И он рассказал все с самого начала – от полночного явления Уаймонда Кендалла и поразительного подарка, что он привез из Англии. Фон Хельрунг не перебивал, хотя время от времени ахал, вздрагивал от отвращения или чуть не плакал от изумления и жалости.
– Пуидресер – звездная гниль! – тихо сказал он, когда доктор умолк. – Так, выходит, сказки оказались правдой. Я никогда в них не верил по-настоящему – потому что не желал в такое верить. Чтобы Тот, через Которого все сотворено, создал такую тварь! Разве это не невыносимо, Пеллинор, даже для нас, посвящающих жизни подлинному смыслу этого труда? Что за бог мог создать такое? Враг он нам или сошел с ума?
– Предпочитаю воздерживаться от заведомо риторических вопросов, мейстер Абрам.

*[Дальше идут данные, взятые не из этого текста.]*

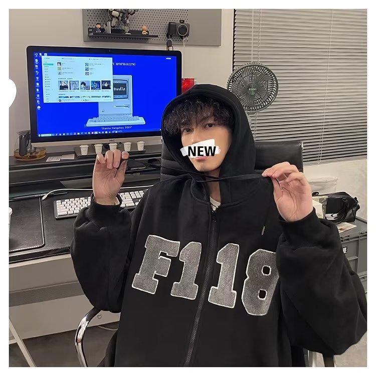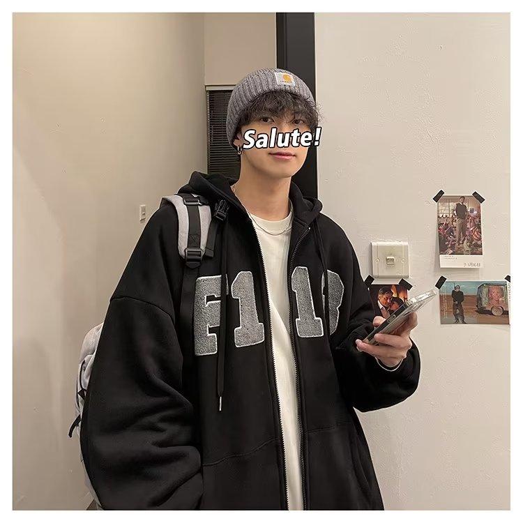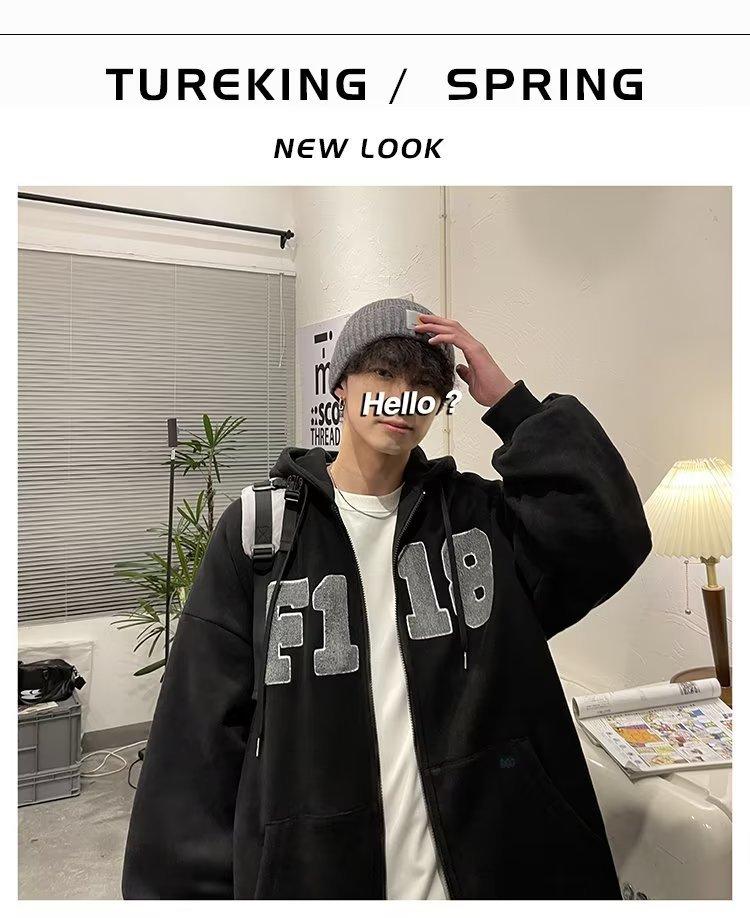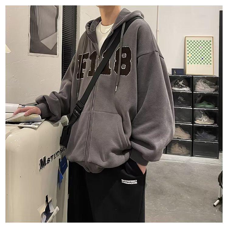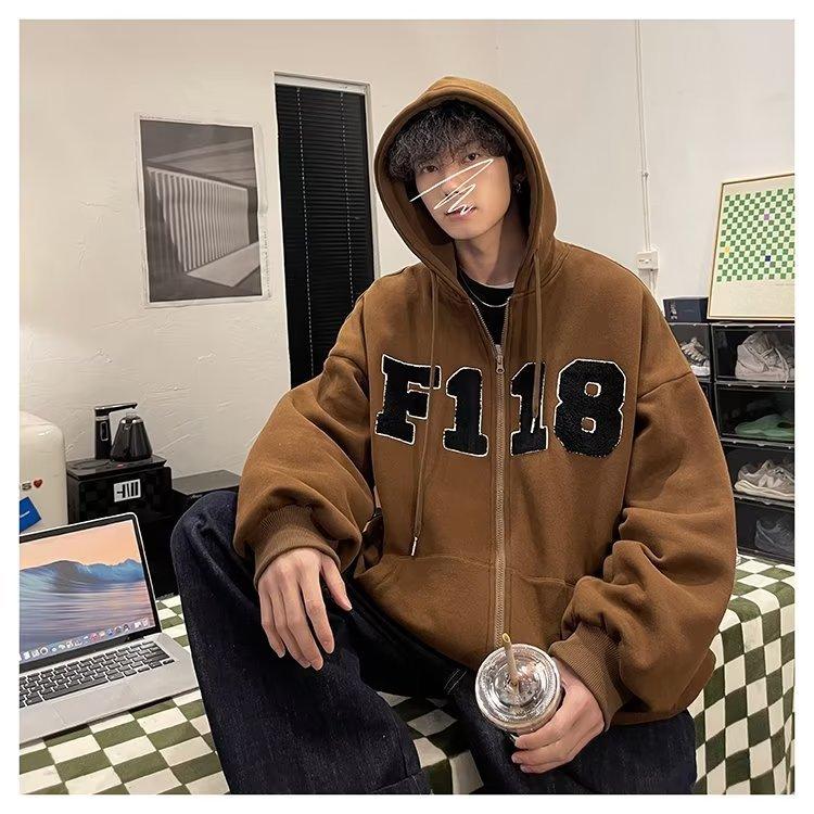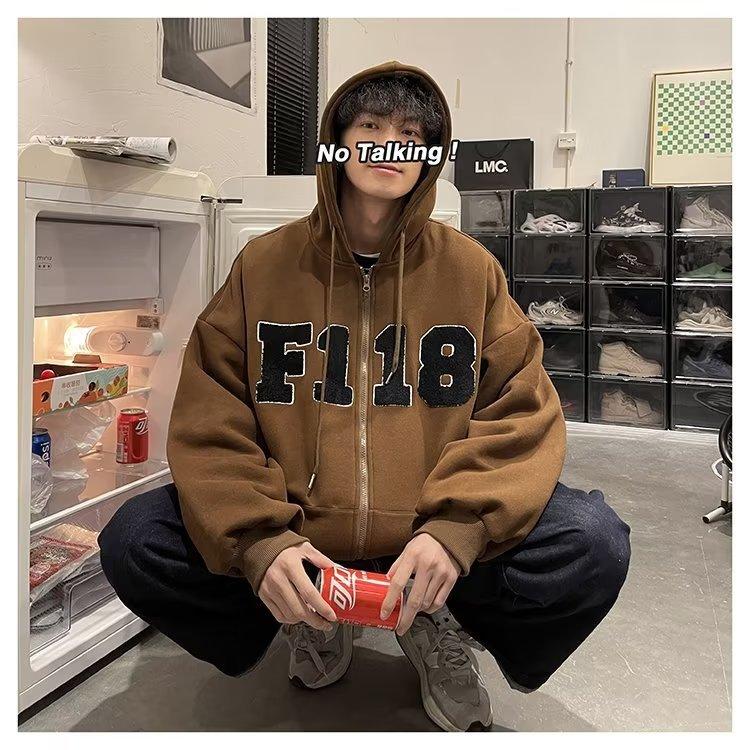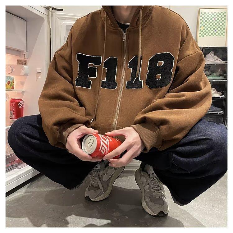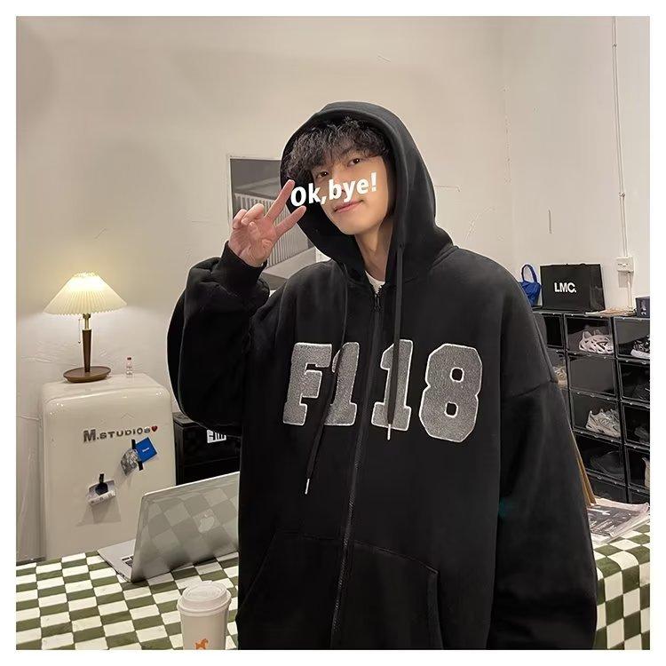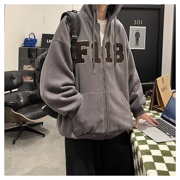 Suéter com capuz masculino estilo americano, moda de rua, outono e inverno, tamanho grande, solto, moderno, versátil, primavera, casaco com zíper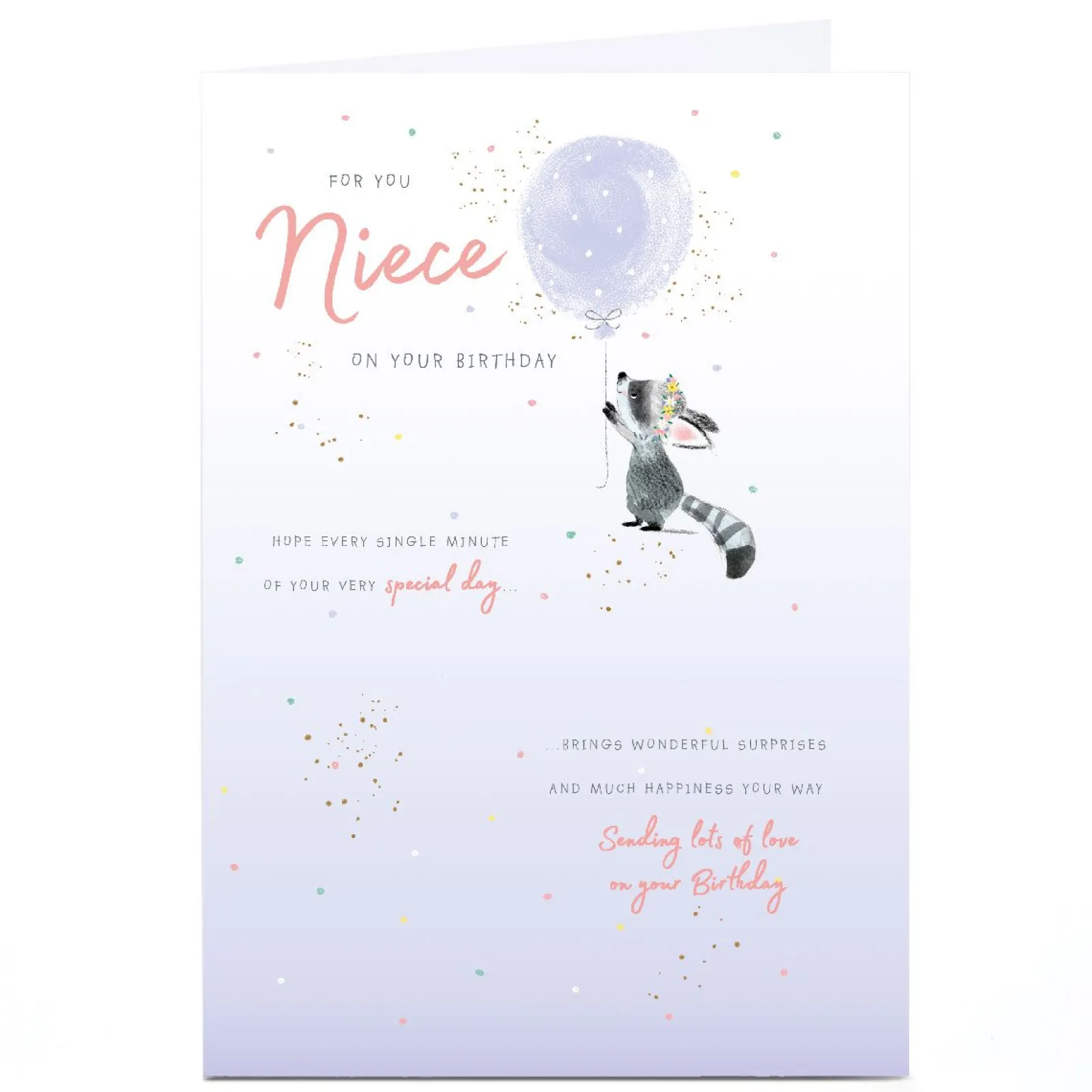 New Personalised Birthday Card – Raccoon Sparkle Balloon, Niece Kids For Niece|For Kids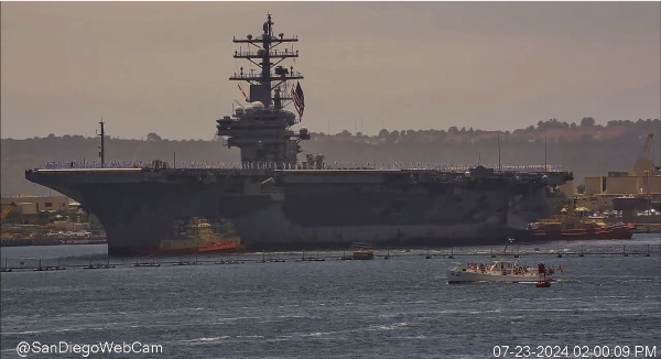 当地时间7月23日下午,CVN-76"罗纳德·里根"号抵达圣迭戈社交媒体X账号"圣迭戈网络摄像头"(@SanDiegoWebCam)视频截图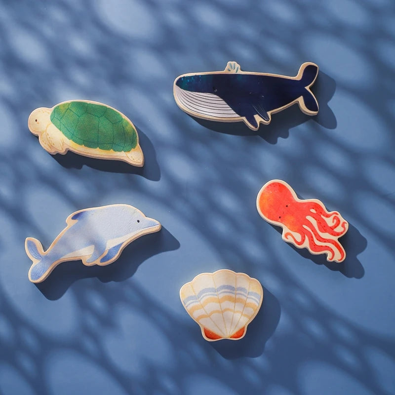 Wooden Puzzle Collection, available in charming designs like forest animals, ocean life, and outer space. Each puzzle features chunky, baby-safe pieces that are easy to grasp, helping toddlers develop fine motor skills, hand-eye coordination, and early problem-solving abilities. Made from smooth, eco-friendly wood with non-toxic paints, these Montessori-inspired puzzles are perfect for safe, screen-free learning and play.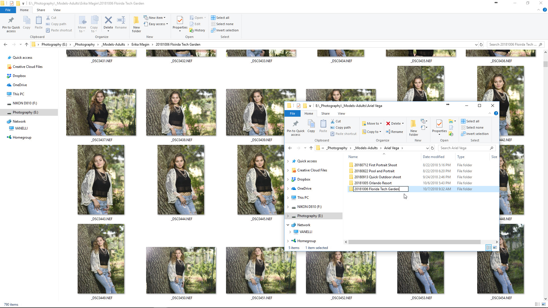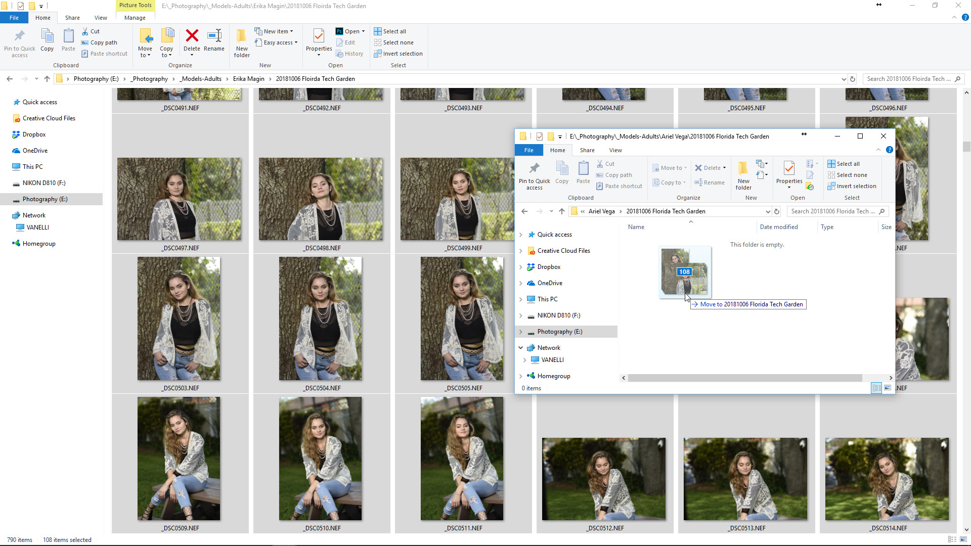 I select Ariel’s photos from one Windows File Explorer window, then move them by dragging and dropping them onto her subfolder in the second Windows File Explorer window. I do this for the remaining models until the only images left in Erika’s subfolder are hers and each model has their own images in their own correct subfolder.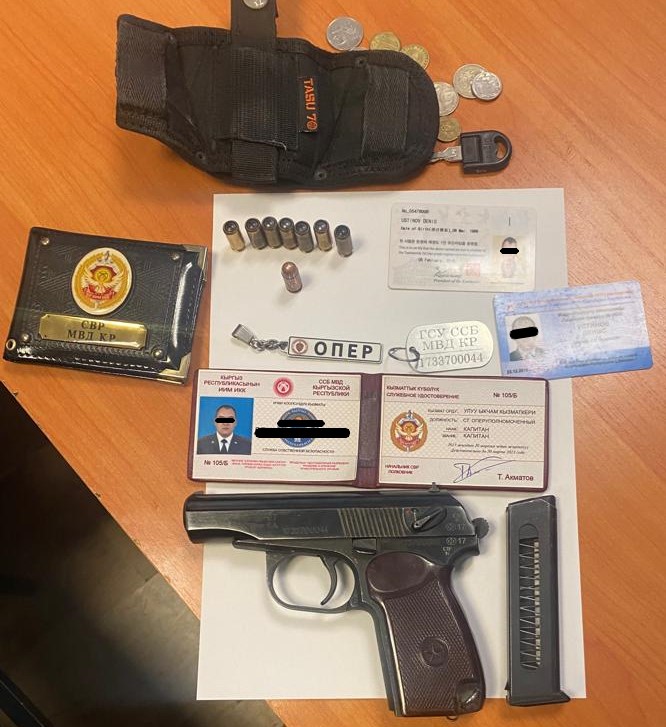 «У задержанного изъят пистолет неустановленной модели с магазином, где было восемь патронов, и удостоверение сомнительного образца. В ходе обыска в машине у подозреваемого найден жилет черного цвета с надписью «МВД». По изъятому оружию и боеприпасами назначена судебно-баллистическая экспертиза. По факту возбуждено уголовное дело по статье «Подделка документов» УК КР. Подозреваемый водворен в ИВС», — сообщили в ведомстве.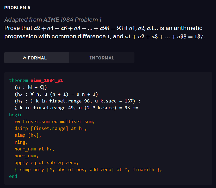 由于 Lean 剑指金牌,研究人员一直在对其进行不停的打磨,其中也包括被微软收购了的 OpenAI。刚刚,OpenAI 发文表示,他们已经为 Lean 创建了一个神经定理证明器,用于解决各种具有挑战性的高中奥林匹克问题,包括两个改编自 IMO 的问题和来自 AMC12、AIME 竞赛的若干问题。
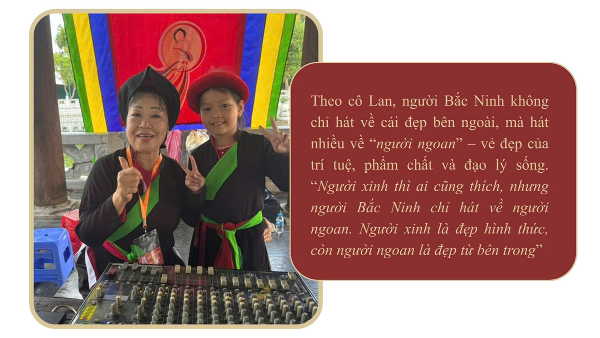 Theo cô Lan, Quan họ không nằm ở chuyện hát hay hay biểu diễn giỏi. Hát là điều ai cũng có thể học, nhưng Quan họ thì khác. Người học Quan họ không chỉ học làn điệu, mà còn học cách ứng xử, cách chia sẻ buồn vui, học từ nếp ăn nếp ở đến cách cư xử với nhau trong đời sống hằng ngày. Chính nền văn hóa ứng xử ấy đã tạo nên bản sắc rất riêng của người Bắc Ninh – Kinh Bắc, điều làm Quan họ khác biệt so với các loại hình dân ca ở những vùng miền khác.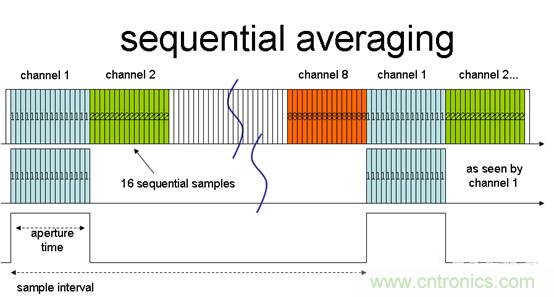 這種傳統(tǒng)的對單一通道信號進行多次轉(zhuǎn)換后才轉(zhuǎn)到下一個通道的平均模型被稱為序列平均。這種方法存在一些限制,主要問題在于會降低多通道環(huán)境中的可用采樣率,包括被平均的通道和序列中不需要平均的通道。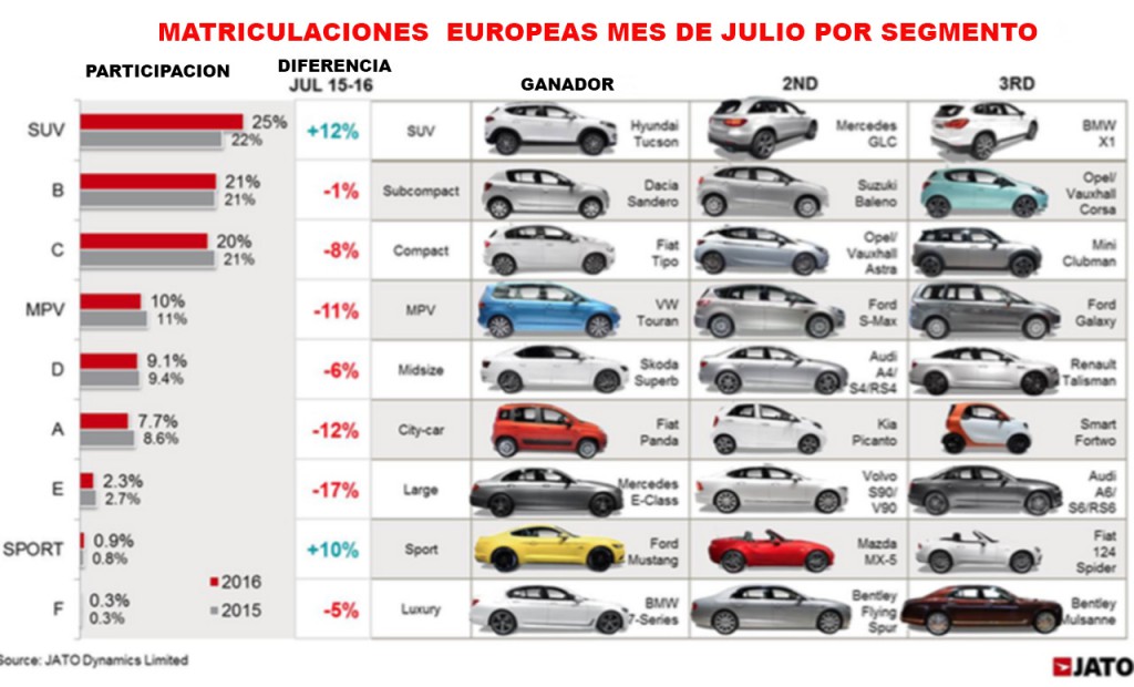 El segmento de los SUV sigue creciendo (+11,9%) en comparación con julio de 2015, lo que significa que ahora representa el 25,5% del mercado global, en gran parte debido al crecimiento entre los grupos D-SUV y C-SUV, a expensas del compacto , MPV y grandes segmentos Sedan / SW. El Nissan Qashqai mantuvo su posición como el SUV más vendido, el registro de 18.373 unidades, pero esto fue una caída de 6,9% en el mismo período del año pasado. Era sus rivales más nuevos como el Renault Kadjar, Hyundai Tucson y Kia Sportage, que impulsaron el crecimiento del segmento, registrando un aumento significativo de 127%, 586% y 24%, respectivamente. La nueva generación del Volkswagen Tiguan significaba el modelo revirtió la tendencia a la baja observada el mes pasado, la publicación de un pequeño aumento del 0,2%.

Возможно, он не безумен и не враг нам, а всего лишь равно любит все свои творения – или равно безразличен ко всем из них.
– И ни одна из этих вероятностей не кажется вам отвратительной?
– Они отвратительны лишь с позиции человеческого высокомерия. Жду, что вы скажете, мол, нам дана власть над землей и всеми тварями земными – как будто это отделяет нас от того самого творения, частью которого мы являемся. Скажите это Уаймонду Кендаллу!
Монстролог вернулся к цели нашего визита. Философские дискуссии вроде этой он находил безвкусными – не то чтобы всецело ниже его достоинства, но бесполезными в том смысле, что вопросы, не имевшие ответа, не стоили затраченного на них времени.
– Что вы узнали о Джоне Кернсе? – спросил он.
Фон Хельрунг покачал головой.
– Исчез, Пеллинор. Квартира брошена, кабинет в больнице выметен подчистую. Никто не знает, куда бы он мог податься.
Теперь головой покачал Уортроп.
– Невозможно. Он должен был кому-то сказаться.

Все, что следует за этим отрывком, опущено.